The MELT living body model uses a number of terms to simplify systems of the body. The autopilot describes the body’s nervous system. The autonomic systems of the body support, protect and stabilize you without your voluntary control. Over time these systems can learn to manage the instability better and therefore allow the dysfunction to continue. So lets say you are doing the same bunch of exercises regularly but your knees ache and your back aches, you aren’t training your joints to improve their stability, your nervous system has learnt to manage the compensations despite your autopilot flashing a red light telling you that something is wrong (remember those pre pain signals!). So we really need to address the compensations and encourage the autopilot to relocate to our centre of gravity and listen to it as it warns us of imbalances and dysfunction.

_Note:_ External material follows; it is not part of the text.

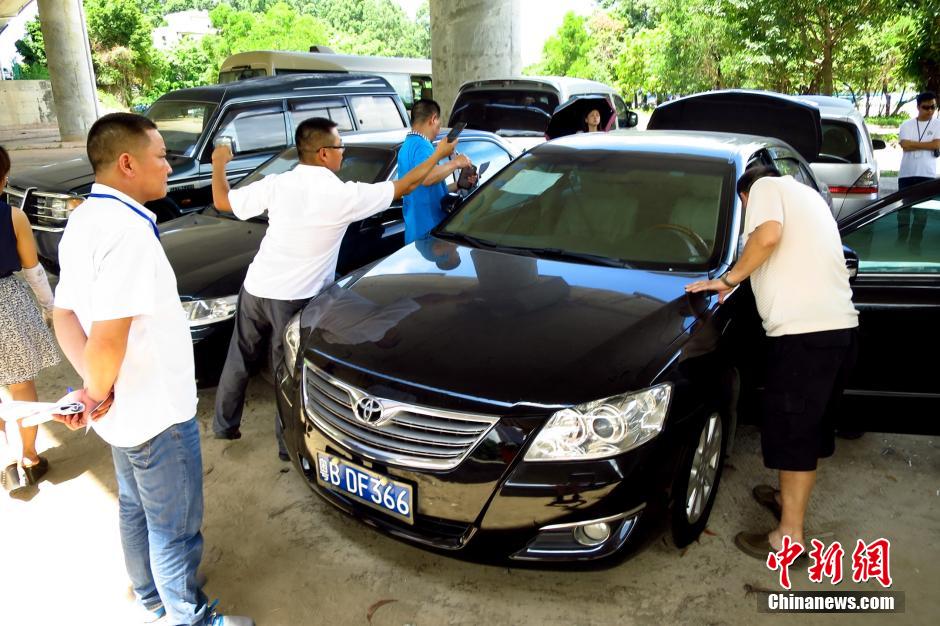 备受深圳市民关注的公务拍卖车辆自6月19日开始在车辆管理所驾驶员训练考核场为期一周的展示,市民可在展示期内前往现场实地看车。首批100辆车改车辆将于6月28日在深圳市公务用车改革车辆拍卖平台公开拍卖。中新社发 陈文 摄

Body sense is another term used constantly in MELT. We have the ability to sense signals from our bodies. Some of these are the obvious such as when we are hungry and need to pee etc etc. But again I refer to these pre pain signals that we switch off from. MELT encourages us to tune back into our body sense. To not use touch or sight to work out what we feel within our bodies but to tune back in with our minds. It’s the element of MELT that I think is a really Mindful exercise. For me this not only helps me to identify stuck stress but to help me to bring my focus to my body, my breath and ultimately to bring me back to me.

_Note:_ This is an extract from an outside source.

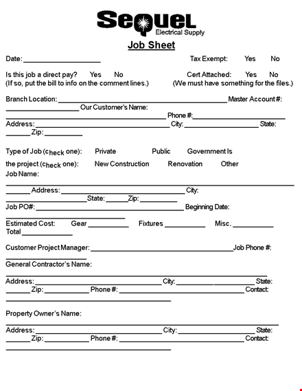 Electrical Job Sheet template

Masses and spaces are really simple terms used instead of anatomical terms. Masses are the bones and spaces are the joints. As an instructor I love nothing more than rattling off the names of various parts of the body but this can be very off putting for many people. So MELT created these terms to help people identify parts of their bodies.

However, sometimes I like to throw in things like piezoelectricity. This is the fill effect we get after shearing in MELT and this along with mechanotransduction (neurochemical changes) is simplified to Tensional Energy in the MELT living body language. We learn 2 directional lengthening techniques such as hip to heel press which are great ways to send fluid flow through the fascia after shearing and can be used instead of rinsing if needed.

There are other terms used in MELT and on your journey through MELT I will of course explain them to you.

MELT as many of you now know is a system that follows a definite process. The different processes of MELT are done in a specific order which has been designed to give the greatest benefit and effect.

They are Glide, Shear, WAIT, (piezoelectrical effect), Rinse and in the case of the hands and feet, Friction.

I hope that your MELT journey will be a long and fruitful one and I hope also that I will be able to be part of that journey for many years to come. Happy MELTING.